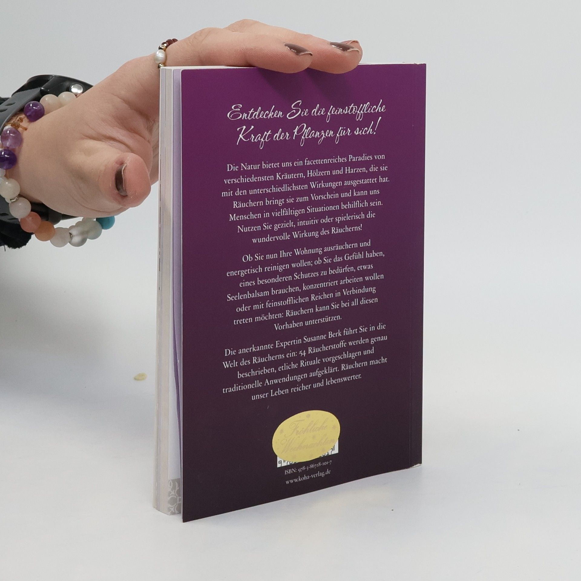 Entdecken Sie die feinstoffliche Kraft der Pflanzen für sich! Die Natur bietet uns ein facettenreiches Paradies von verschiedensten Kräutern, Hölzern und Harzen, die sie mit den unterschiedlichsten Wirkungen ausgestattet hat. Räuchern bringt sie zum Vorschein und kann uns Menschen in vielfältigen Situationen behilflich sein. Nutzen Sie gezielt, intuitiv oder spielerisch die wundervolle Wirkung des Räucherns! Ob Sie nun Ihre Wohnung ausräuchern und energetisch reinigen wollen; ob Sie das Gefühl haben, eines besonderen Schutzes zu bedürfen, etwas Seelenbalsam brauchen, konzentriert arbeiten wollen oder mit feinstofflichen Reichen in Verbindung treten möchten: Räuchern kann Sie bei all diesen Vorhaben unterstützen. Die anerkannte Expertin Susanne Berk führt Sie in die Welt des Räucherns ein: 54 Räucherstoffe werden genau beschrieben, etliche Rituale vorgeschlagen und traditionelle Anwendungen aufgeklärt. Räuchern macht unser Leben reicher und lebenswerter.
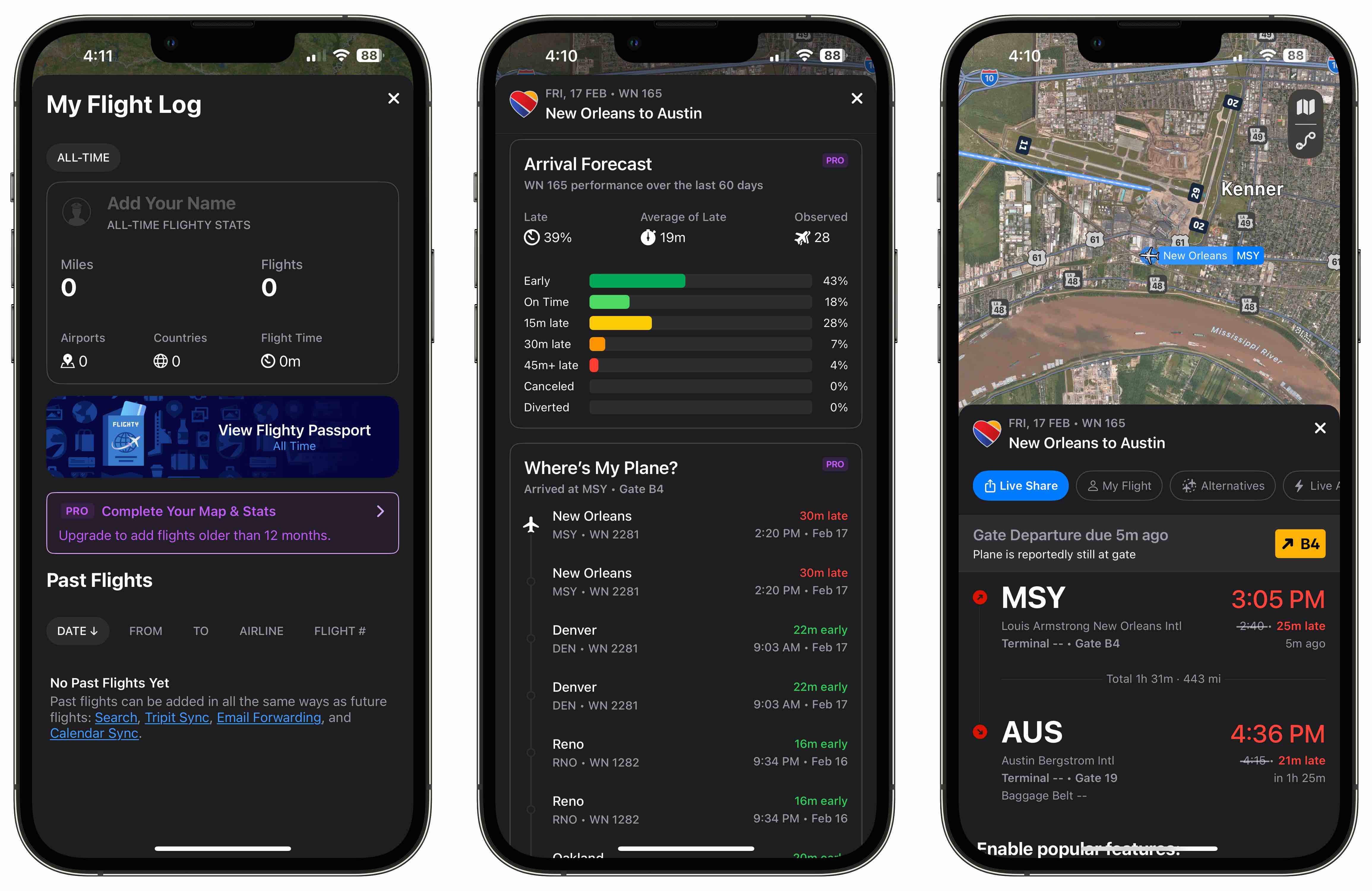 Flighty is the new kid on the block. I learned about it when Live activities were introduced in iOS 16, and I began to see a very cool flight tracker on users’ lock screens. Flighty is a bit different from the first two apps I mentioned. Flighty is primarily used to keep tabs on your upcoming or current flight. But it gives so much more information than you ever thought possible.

▬▬▬▬▬▬

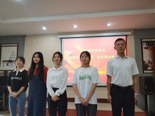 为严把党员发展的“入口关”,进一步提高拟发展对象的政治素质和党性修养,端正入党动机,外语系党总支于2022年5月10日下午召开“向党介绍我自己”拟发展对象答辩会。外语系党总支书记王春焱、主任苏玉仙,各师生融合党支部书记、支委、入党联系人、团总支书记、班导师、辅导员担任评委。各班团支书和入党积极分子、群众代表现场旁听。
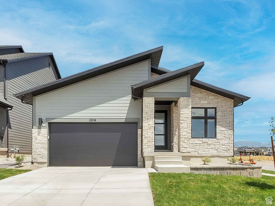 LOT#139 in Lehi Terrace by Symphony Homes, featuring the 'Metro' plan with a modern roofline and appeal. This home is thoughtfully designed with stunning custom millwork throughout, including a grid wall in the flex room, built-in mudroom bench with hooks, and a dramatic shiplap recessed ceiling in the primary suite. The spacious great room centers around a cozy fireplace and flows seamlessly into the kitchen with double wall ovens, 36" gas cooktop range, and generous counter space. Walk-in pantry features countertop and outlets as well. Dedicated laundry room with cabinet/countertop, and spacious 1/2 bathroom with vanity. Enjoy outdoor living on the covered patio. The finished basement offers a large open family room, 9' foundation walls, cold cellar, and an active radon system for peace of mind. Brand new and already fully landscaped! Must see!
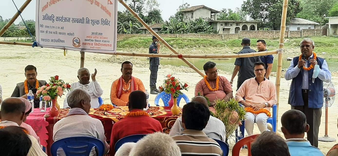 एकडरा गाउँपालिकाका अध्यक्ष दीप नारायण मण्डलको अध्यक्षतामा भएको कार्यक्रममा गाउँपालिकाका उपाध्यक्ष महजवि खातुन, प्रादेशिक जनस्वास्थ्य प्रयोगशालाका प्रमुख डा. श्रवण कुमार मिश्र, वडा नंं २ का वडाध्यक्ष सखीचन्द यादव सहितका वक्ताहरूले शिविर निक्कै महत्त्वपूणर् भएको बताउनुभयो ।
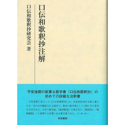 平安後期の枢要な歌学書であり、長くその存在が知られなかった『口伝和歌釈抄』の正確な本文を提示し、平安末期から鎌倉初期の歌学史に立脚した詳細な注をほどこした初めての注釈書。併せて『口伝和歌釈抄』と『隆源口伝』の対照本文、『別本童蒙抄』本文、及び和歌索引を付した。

▬▬▬▬▬▬

Problem requirements: From the material above, output only the span of lines that starts at the one containing "LOT#139 in Lehi" and finishes at the one containing "एकडरा गाउँपालिकाका अध्यक्ष", word for word and free of pictures.

Output for this exercise:
 LOT#139 in Lehi Terrace by Symphony Homes, featuring the 'Metro' plan with a modern roofline and appeal. This home is thoughtfully designed with stunning custom millwork throughout, including a grid wall in the flex room, built-in mudroom bench with hooks, and a dramatic shiplap recessed ceiling in the primary suite. The spacious great room centers around a cozy fireplace and flows seamlessly into the kitchen with double wall ovens, 36" gas cooktop range, and generous counter space. Walk-in pantry features countertop and outlets as well. Dedicated laundry room with cabinet/countertop, and spacious 1/2 bathroom with vanity. Enjoy outdoor living on the covered patio. The finished basement offers a large open family room, 9' foundation walls, cold cellar, and an active radon system for peace of mind. Brand new and already fully landscaped! Must see!
 एकडरा गाउँपालिकाका अध्यक्ष दीप नारायण मण्डलको अध्यक्षतामा भएको कार्यक्रममा गाउँपालिकाका उपाध्यक्ष महजवि खातुन, प्रादेशिक जनस्वास्थ्य प्रयोगशालाका प्रमुख डा. श्रवण कुमार मिश्र, वडा नंं २ का वडाध्यक्ष सखीचन्द यादव सहितका वक्ताहरूले शिविर निक्कै महत्त्वपूणर् भएको बताउनुभयो ।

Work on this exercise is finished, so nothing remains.